▶ Instructions for the task
Among the lines below, restate word for word only those from the line with "USB-хаб Ginzzu GR-762UB" through the line with "يستعد صُناع المسرح", with both end lines kept.

▶ Given records
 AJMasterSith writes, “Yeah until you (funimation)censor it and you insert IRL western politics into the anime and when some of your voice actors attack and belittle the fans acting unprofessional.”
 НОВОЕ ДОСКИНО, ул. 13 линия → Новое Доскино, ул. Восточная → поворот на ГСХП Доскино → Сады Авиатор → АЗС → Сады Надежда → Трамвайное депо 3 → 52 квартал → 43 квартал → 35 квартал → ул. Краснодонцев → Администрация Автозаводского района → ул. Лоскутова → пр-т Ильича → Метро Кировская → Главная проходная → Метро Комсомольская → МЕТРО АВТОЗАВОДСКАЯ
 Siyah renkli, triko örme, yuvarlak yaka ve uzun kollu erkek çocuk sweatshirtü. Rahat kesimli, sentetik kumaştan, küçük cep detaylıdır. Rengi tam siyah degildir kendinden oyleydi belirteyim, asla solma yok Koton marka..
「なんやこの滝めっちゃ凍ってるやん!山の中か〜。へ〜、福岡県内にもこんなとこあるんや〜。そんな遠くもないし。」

==

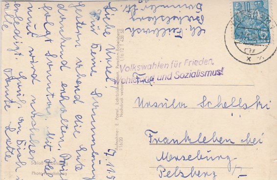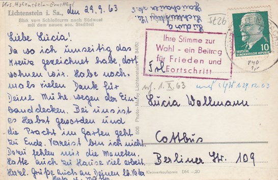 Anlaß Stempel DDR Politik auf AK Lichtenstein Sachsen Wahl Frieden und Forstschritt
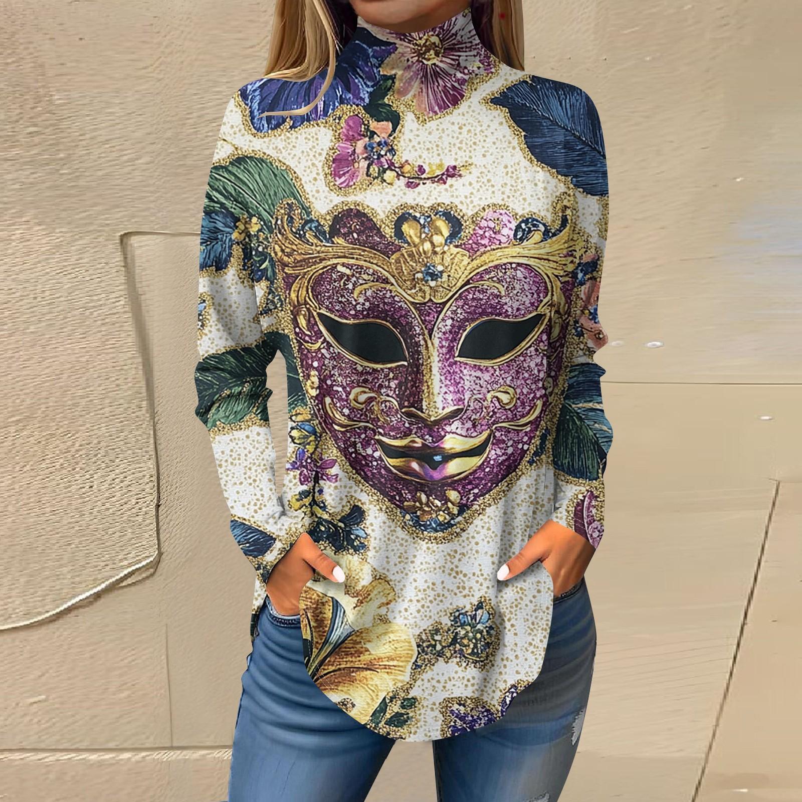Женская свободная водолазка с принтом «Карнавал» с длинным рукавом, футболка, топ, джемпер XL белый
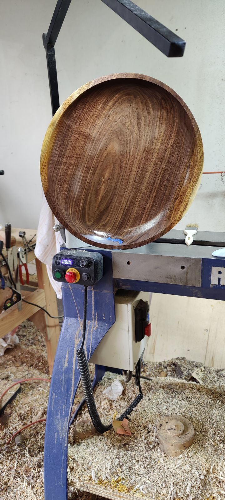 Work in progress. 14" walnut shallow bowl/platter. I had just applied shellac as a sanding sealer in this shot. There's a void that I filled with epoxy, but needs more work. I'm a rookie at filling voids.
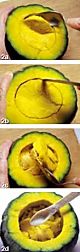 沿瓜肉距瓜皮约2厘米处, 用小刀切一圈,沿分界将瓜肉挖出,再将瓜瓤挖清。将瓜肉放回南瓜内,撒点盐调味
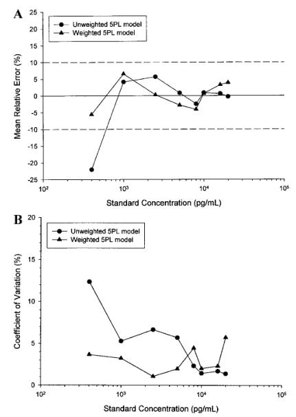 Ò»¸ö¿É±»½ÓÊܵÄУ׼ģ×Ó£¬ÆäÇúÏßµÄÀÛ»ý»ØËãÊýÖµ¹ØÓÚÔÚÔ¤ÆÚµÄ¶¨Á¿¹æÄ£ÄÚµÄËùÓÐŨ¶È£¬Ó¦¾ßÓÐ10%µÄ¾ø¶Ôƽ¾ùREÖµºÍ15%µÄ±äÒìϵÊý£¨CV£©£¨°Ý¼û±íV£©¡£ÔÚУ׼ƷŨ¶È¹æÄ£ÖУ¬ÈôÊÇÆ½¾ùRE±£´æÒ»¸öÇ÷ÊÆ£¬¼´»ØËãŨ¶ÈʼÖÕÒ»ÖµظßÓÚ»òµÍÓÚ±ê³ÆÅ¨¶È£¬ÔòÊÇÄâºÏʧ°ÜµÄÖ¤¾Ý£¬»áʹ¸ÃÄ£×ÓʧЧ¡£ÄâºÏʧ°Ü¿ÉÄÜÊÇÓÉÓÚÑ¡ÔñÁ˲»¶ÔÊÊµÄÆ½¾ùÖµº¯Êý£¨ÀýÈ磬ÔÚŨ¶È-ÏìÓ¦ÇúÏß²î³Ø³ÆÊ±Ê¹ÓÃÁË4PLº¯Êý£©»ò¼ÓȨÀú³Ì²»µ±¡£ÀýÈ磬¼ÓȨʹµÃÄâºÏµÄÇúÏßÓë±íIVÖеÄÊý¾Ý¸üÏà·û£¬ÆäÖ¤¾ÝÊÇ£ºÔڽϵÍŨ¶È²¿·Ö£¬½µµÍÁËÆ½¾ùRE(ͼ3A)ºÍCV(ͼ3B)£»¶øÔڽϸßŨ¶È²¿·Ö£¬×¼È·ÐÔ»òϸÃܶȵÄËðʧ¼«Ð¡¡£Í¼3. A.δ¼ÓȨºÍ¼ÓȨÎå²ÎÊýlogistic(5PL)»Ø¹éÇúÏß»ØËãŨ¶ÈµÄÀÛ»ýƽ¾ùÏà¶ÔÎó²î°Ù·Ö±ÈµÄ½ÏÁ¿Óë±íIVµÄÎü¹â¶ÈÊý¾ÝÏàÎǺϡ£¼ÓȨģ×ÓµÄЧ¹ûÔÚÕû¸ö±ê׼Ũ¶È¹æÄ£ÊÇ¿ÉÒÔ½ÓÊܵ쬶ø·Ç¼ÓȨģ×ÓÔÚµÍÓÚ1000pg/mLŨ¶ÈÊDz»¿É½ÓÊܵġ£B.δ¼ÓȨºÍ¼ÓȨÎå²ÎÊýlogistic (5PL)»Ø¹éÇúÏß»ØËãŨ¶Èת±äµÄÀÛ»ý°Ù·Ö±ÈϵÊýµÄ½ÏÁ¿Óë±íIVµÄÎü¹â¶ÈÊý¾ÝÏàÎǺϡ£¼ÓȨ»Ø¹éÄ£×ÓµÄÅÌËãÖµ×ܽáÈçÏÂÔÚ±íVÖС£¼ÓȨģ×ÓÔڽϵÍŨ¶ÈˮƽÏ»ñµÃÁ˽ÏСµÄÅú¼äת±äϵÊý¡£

---

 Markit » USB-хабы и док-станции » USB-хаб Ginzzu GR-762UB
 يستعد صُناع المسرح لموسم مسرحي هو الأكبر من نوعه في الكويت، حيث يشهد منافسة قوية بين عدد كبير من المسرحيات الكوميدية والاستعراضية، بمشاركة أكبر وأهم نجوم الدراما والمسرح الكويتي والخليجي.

▶ Result for this exercise
 Markit » USB-хабы и док-станции » USB-хаб Ginzzu GR-762UB
 يستعد صُناع المسرح لموسم مسرحي هو الأكبر من نوعه في الكويت، حيث يشهد منافسة قوية بين عدد كبير من المسرحيات الكوميدية والاستعراضية، بمشاركة أكبر وأهم نجوم الدراما والمسرح الكويتي والخليجي.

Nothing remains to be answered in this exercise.